************************************************************************************
/* Remove the specified item. Returns 1 if the item was found and
* deleted, 0 otherwise. */
移除特定的项,返回1如果这个项被找到和删除,否则返回0
int raxRemove(rax *rax, unsigned char *s, size_t len, void **old) {
raxNode *h;
raxStack ts;
debugf("### Delete: %.*s\n", (int)len, s);
raxStackInit(&ts); 初始化存储父节点使用的堆栈
int splitpos = 0;
size_t i = raxLowWalk(rax,s,len,&h,NULL,&splitpos,&ts); 遍历基树
if (i != len || (h->iscompr && splitpos != 0) || !h->iskey) {
找到的字符串小于待查找字符串 或者 找到了字符串但是在压缩字符中间 或者 这个字符串不是一个键
这三种情况,表示基树中没有找到键,都不需要删除,直接返回即可
raxStackFree(&ts); 注意释放之前申请的非静态内存
return 0;
}
if (old) *old = raxGetData(h);获取键对应的旧值
h->iskey = 0; 设置非键
rax->numele--; 元素减少1
/* If this node has no children, the deletion needs to reclaim the
* no longer used nodes. This is an iterative process that needs to
* walk the three upward, deleting all the nodes with just one child
* that are not keys, until the head of the rax is reached or the first
* node with more than one child is found. */
如果这个节点没有子节点,则删除操作需要回收不再使用的节点。
这是一个迭代的过程,需要向上遍历3个节点(和新增是相反操作,一个新增最多分成相连3部分,即3个节点),
删除所有只有一个孩子而且不是键的节点,直到基树的头节点或者第一个拥有超过一个孩子的节点。
int trycompress = 0; /* Will be set to 1 if we should try to optimize the
tree resulting from the deletion. */
如果我们尝试优化删除后的树,那么就会设置为1
if (h->size == 0) { 找到的节点没有子节点了,删除即可
debugf("Key deleted in node without children. Cleanup needed.\n");
raxNode *child = NULL;
while(h != rax->head) { 如果不是基树头节点
child = h;
debugf("Freeing child %p [%.*s] key:%d\n", (void*)child,
(int)child->size, (char*)child->data, child->iskey);
rax_free(child); 释放掉这个节点
rax->numnodes--;
h = raxStackPop(&ts); 把父节点弹出(就是这个节点的上一层节点)

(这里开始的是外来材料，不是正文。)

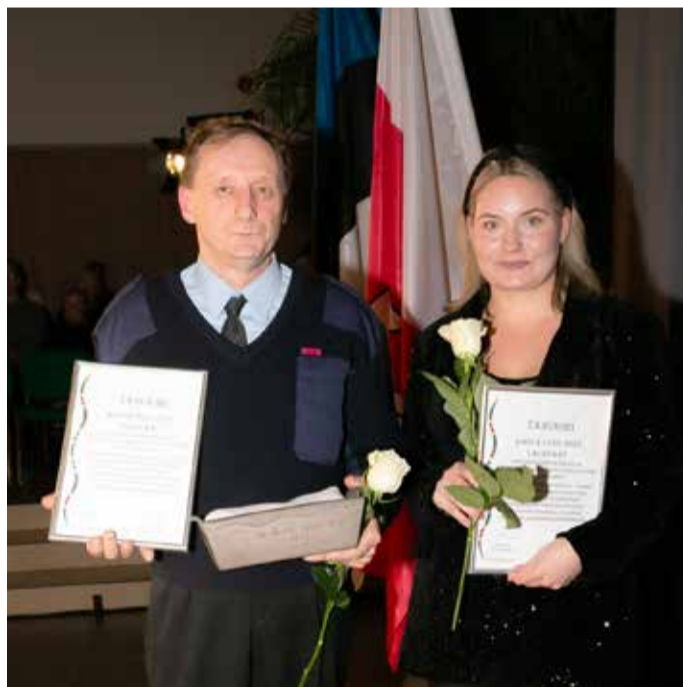
Aasta tegu – Kostivere noortekeskuse ja päästedeppoo uue ühise hoone ehitamine. Kostivere Tuletõrje Seltsi liikmed ja Kostivere noortekeskuse noorsootöötajad panustasid südamega uue hoone valmimise ja ümberkolimistöösse.
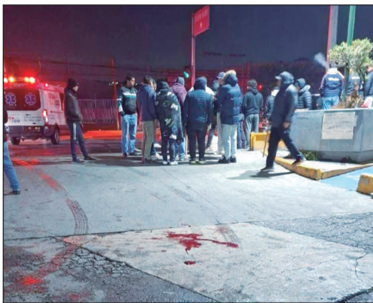
Indicios de sangre tras el ataque a trabajadores de Tornel.

Este conflicto estalló después de meses de inconformidad por violaciones laborales que, reiteradamente han sido denunciadas por los trabajadores, agremiados en el Sindicato Nacional de Trabajadores de la Compañía Hulera Tornel (SINTCHT), las cuales no fueron resueltas ni siquiera mediante procesos de conciliación vinculados al T-MEC, como el Mecanismo de Respuesta Rápida. Desde entonces, más de mil trabajadores han sostenido el paro, instalando campamentos en los accesos a las instalaciones y deteniendo una producción clave para la industria llantera en el país.
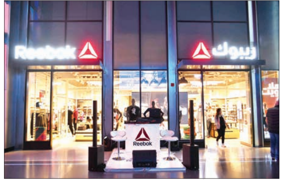
معرض ريبوك 3,0 FitHub في الأقيوز - المرحلة الرابعة - الكترا (قاسم باشا)

/* If this node has more then one child, or actually holds
* a key, stop here. */
如果这个节点是一个键 或者 这个节点不是一个压缩节点并且不止一个子节点, 结束
如果不是的话,就与可能需要压缩的节点合并
if (h->iskey || (!h->iscompr && h->size != 1)) break;
}
if (child) {
debugf("Unlinking child %p from parent %p\n",
(void*)child, (void*)h);
raxNode *new = raxRemoveChild(h,child); 移除子节点
if (new != h) { 如果重新分配郭地址了,需要使用原来的老的父节点地址
raxNode *parent = raxStackPeek(&ts);
raxNode **parentlink;
if (parent == NULL) {
parentlink = &rax->head; 没有父节点了,表示是第一个头节点,获取头节点指针的位置
} else {
parentlink = raxFindParentLink(parent,h); 查找子指针在父节点中的位置
}
memcpy(parentlink,&new,sizeof(new)); 将新的地址赋值给父节点的子指针
}
/* If after the removal the node has just a single child
* and is not a key, we need to try to compress it. */
如果移除的节点只有一个子节点并且不是一个键,我们需要尝试去压缩它
if (new->size == 1 && new->iskey == 0) {
trycompress = 1;
h = new;
}
}
} else if (h->size == 1) {
/* If the node had just one child, after the removal of the key
* further compression with adjacent nodes is pontentially possible. */
如果这个节点只有一个孩子,经过键值的移除,进一步和相邻节点压缩是可能的
trycompress = 1;
}
/* Don't try node compression if our nodes pointers stack is not
* complete because of OOM while executing raxLowWalk() */
如果用函数raxLowWalk在遍历基树的过程中发生了OOM,那么不用压缩
if (trycompress && ts.oom) trycompress = 0;
/* Recompression: if trycompress is true, 'h' points to a radix tree node
* that changed in a way that could allow to compress nodes in this
* sub-branch. Compressed nodes represent chains of nodes that are not
* keys and have a single child, so there are two deletion events that
* may alter the tree so that further compression is needed:
再次压缩:如果压缩表示为真,h指向一个基树节点,该店经过变化之后,在这个分支上允许压缩节点
压缩节点表示一个节点链,不是键并且只有一个孩子,所以两个删除事件可能会导致树需要进一步压缩
* 1) A node with a single child was a key and now no longer is a key.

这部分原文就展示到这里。